Do I want to do this, or do I have to do this?

- 4 mins

The Balance Between Joy and Discipline: Finding Your Path

In recent months, I’ve been deeply contemplating the contrast between finding pleasure in what we do and maintaining discipline. The eternal question: Do I want to do this, or do I have to do this? Both aspects are crucial, yet there’s a fundamental difference between them.

My Journey

I’ve always considered myself a highly disciplined person. I’ve undertaken numerous projects, diving into the world of technology since 2013, when I was just 15-16 years old. From that point forward, I’ve been creating projects, working for companies, winning national competitions, and achieving results that, while not entirely satisfying, are certainly noteworthy. I’ve worked as a freelancer, completed various projects, and collaborated with companies I believed in.

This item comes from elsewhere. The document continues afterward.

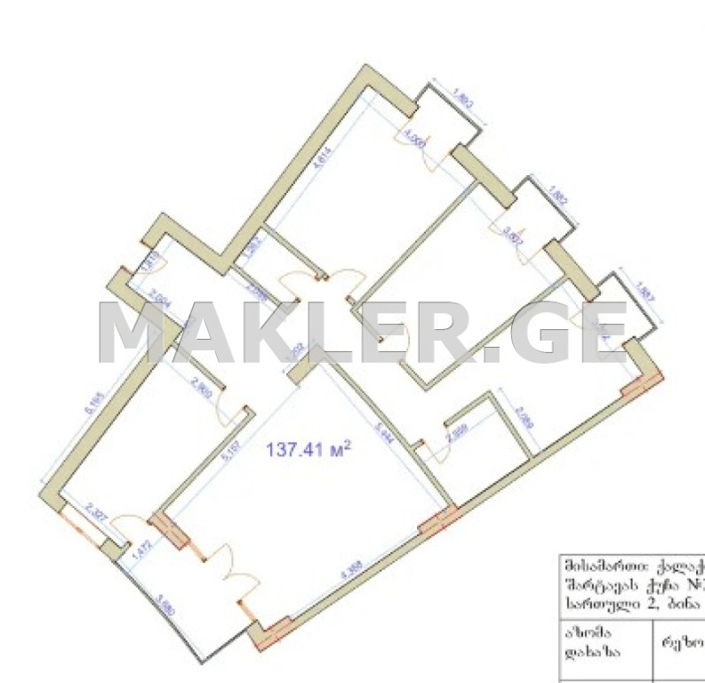 Daire, belediye binasının yakınında, Shartava'da yer almaktadır. 4 balkonu ve 3 banyosu vardır.

All of this started with a genuine passion. Technology has always been my path. From a young age, my father suggested I try programming, and when I did, I immediately fell in love with it. The ability to build something - whether it was my first HTML/CSS website about Pokémon (my passion at age 11) or more complex projects - was always driven by the simple fact that I enjoyed it.

The Role of Discipline

Then, for reasons I’m still exploring, discipline entered the picture. And it’s important that it did, because life isn’t linear. Not every day will you be excited to do what you love. It’s like sports - you might love the game, but some days you don’t feel like training. You’re tired, in a bad mood, or angry about something, but you still have to do it. Therefore, both elements are essential, and neither should dominate completely.

The Obsession Trap

Recently, I’ve been reflecting on this balance and realized that in many areas of my life, discipline had become the only driving force - a strong, almost obsessive discipline. I was chasing results, sometimes at the cost of my well-being. The indie hacking is a fascinating field, but there’s one thing they don’t tell you (or that you don’t listen to when they do): it takes patience.

A Recent Project

I recently started a project with a friend called EasyPapiro (which I mentioned in this blog a month and a half ago). It seemed like one of those overnight success stories we all hear about - a sensible idea in a niche market with little competition and room for innovation. I thought, “We’ll create this project, and it’ll be an overnight success.” But that success hasn’t come yet, and that’s normal. In this world, you need patience, which, for me, conflicts with obsessive discipline.

The Cost of Obsessive Discipline

My obsessive discipline became a sacrifice - putting aside other aspects of my life for immediate results. When those results don’t come, it creates endless anxiety, stress, and pressure that can compromise other parts of your life.

A New Perspective

Recently, I had a conversation with a friend working on a project. When I asked what he wanted from life, he said, “Apart from success with projects, I want exactly the freedom I have now. I’m starting to appreciate it because I’m doing things I genuinely love, and while these things might lead somewhere in the future, I’m already enjoying what I want my life to be.”

This was eye-opening. For a significant part of my journey, I’ve been living in the future. “In the future, everything will be better. In the future, this project will explode positively. In the future, I’ll have lots of money and solve all other problems.” I’m starting to believe this isn’t how it works. When they say it’s about the journey, they’re right. If you’re in “grind mode” - super disciplined and obsessive - you’re not enjoying the journey, and you’re not really getting anything out of it.

Moving Forward

This post serves as a declaration: I want to start enjoying things again. I’ve begun to slow down to see if what I’m doing truly brings me joy or if I only like it because it might lead to a life-changing result. I’m tired of “eating shit” just because I want a result. Instead, I want to do beautiful things - things that, even if I don’t particularly feel like doing them, won’t torture me or stress me out just because they’re important for a result.

I want my projects to be creative outlets, perhaps for certain moods. A place of happiness and escape. This is what I want my future to be: a balance between creativity and discipline, between the joy of doing something and the commitment to do it well and see it through to completion.

An harmony between pleasure, commitment, and success - when possible.

Luigi Donadel

Luigi Donadel

Senior Software Engineer and Entrepreneur. Building stuff.